* [Supplied information]
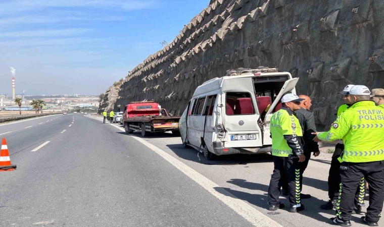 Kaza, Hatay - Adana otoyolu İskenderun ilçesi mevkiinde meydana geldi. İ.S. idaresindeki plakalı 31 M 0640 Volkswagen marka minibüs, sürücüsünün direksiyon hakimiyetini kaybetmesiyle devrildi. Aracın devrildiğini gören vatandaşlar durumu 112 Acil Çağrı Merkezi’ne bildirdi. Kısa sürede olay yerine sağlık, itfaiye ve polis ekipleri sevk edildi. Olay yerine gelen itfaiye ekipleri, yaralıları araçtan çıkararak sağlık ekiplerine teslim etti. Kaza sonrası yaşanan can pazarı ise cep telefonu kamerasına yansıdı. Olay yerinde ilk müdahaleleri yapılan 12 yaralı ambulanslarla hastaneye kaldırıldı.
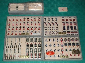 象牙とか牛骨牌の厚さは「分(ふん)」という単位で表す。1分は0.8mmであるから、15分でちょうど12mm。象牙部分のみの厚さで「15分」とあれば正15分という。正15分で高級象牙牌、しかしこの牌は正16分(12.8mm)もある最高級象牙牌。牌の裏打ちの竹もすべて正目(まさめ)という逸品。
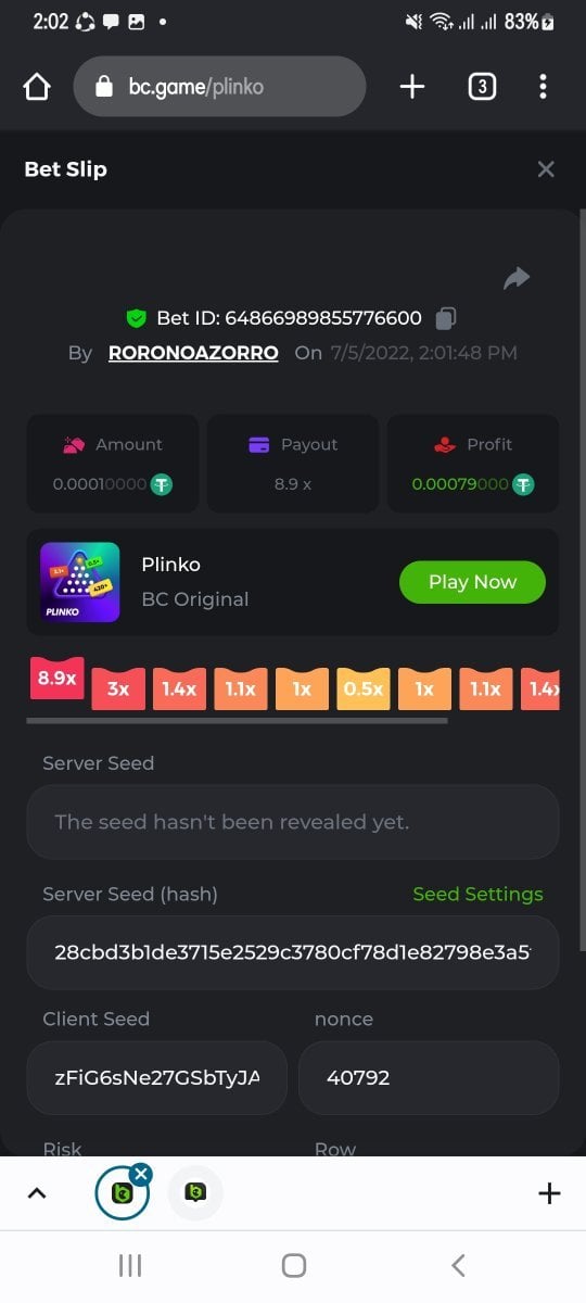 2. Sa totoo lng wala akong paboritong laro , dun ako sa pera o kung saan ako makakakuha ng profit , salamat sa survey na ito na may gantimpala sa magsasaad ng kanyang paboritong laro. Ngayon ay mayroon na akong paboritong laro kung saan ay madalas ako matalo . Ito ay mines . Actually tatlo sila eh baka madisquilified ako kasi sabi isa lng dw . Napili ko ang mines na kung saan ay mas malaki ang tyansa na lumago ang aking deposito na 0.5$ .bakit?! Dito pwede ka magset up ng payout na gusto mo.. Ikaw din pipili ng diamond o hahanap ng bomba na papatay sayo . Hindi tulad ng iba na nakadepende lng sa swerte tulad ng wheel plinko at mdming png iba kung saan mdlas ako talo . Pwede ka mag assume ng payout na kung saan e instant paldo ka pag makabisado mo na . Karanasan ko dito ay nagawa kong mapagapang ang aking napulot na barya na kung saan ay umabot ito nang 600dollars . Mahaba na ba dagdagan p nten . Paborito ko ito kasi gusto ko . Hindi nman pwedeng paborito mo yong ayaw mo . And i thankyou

==

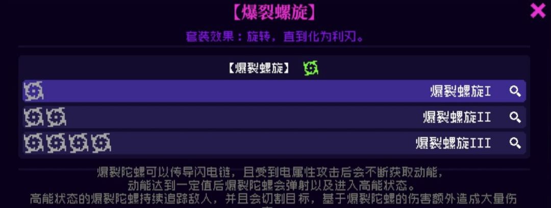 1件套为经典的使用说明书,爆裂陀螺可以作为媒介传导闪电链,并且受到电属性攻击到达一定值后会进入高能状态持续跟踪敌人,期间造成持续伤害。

* [Work order]
Skip every picture, and restate word for word only the lines above from the line containing "Kaza, Hatay - Adana" to the line containing "象牙とか牛骨牌の厚さは「分(ふん)」とい", both of them included.

* [Response area]
 Kaza, Hatay - Adana otoyolu İskenderun ilçesi mevkiinde meydana geldi. İ.S. idaresindeki plakalı 31 M 0640 Volkswagen marka minibüs, sürücüsünün direksiyon hakimiyetini kaybetmesiyle devrildi. Aracın devrildiğini gören vatandaşlar durumu 112 Acil Çağrı Merkezi’ne bildirdi. Kısa sürede olay yerine sağlık, itfaiye ve polis ekipleri sevk edildi. Olay yerine gelen itfaiye ekipleri, yaralıları araçtan çıkararak sağlık ekiplerine teslim etti. Kaza sonrası yaşanan can pazarı ise cep telefonu kamerasına yansıdı. Olay yerinde ilk müdahaleleri yapılan 12 yaralı ambulanslarla hastaneye kaldırıldı.
 象牙とか牛骨牌の厚さは「分(ふん)」という単位で表す。1分は0.8mmであるから、15分でちょうど12mm。象牙部分のみの厚さで「15分」とあれば正15分という。正15分で高級象牙牌、しかしこの牌は正16分(12.8mm)もある最高級象牙牌。牌の裏打ちの竹もすべて正目(まさめ)という逸品。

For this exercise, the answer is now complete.